Synchronizing Google Bigquery for the first time

In this guide, we’ll walk you through an example of how to connect Raito Cloud to your BigQuery data warehouse through the Raito CLI. We’ll

  • make sure that Raito CLI is installed and available
  • log into Raito Cloud and create a data source
  • create a service account and assign the correct IAM Roles
  • configure Raito CLI to connect to Raito Cloud and synchronize with the previously-created data source
  • run a first sync

For this guide, you will need access to Raito Cloud and you also need access to GCP and optionally GSuite If you don’t have access to Raito Cloud yet, request a trial. If you don’t have access to GCP, you can request a 30-day free trial.

Raito CLI installation

To install the Raito CLI, simply run the following command in a terminal window:

$> brew install raito-io/tap/cli

Check that everything is correctly installed by running

$> raito --version

If you want more information about the installation process, or you need to troubleshoot an issue, you can find more information here.

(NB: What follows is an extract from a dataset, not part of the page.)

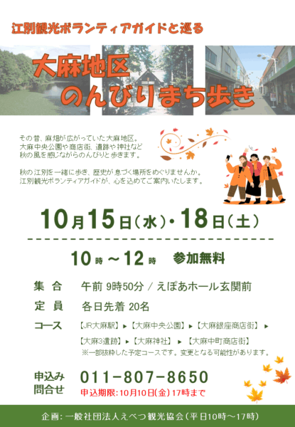 備考 | 【申込】電話(011-807-8650)にて参加申込受付中 申込期限:10月10日(金)17:00まで 【定員】各日先着20名 【コース】JR大麻駅▶大麻中央公園▶大麻銀座商店街▶大麻3遺跡▶大麻神社▶大麻中町商店街 ※一部抜粋した予定コースです。変更となる可能性があります。 |

Create a data source in Raito Cloud

Now that the CLI is working, sign in to your Raito Cloud instance.

In the left navigation pane, go to Data Sources > All data sources. You should see a button on the top-right named Add data source. This will guide you through a short wizard to create a new data source. The main things that you will need to configure are:

  • Data source type. Select Google Cloud Platform.
  • Data source name. Give your data source a good descriptive name, separating it from other data sources. For this example, we’ll choose ‘Google Cloud Test’.
  • Data source description. Accompany your data source with a meaningful description.
  • Connection method. Select whether you want to use the Raito hosted cloud version of the CLI or one managed by yourself, which is recommended. In this example we indeed select ‘CLI’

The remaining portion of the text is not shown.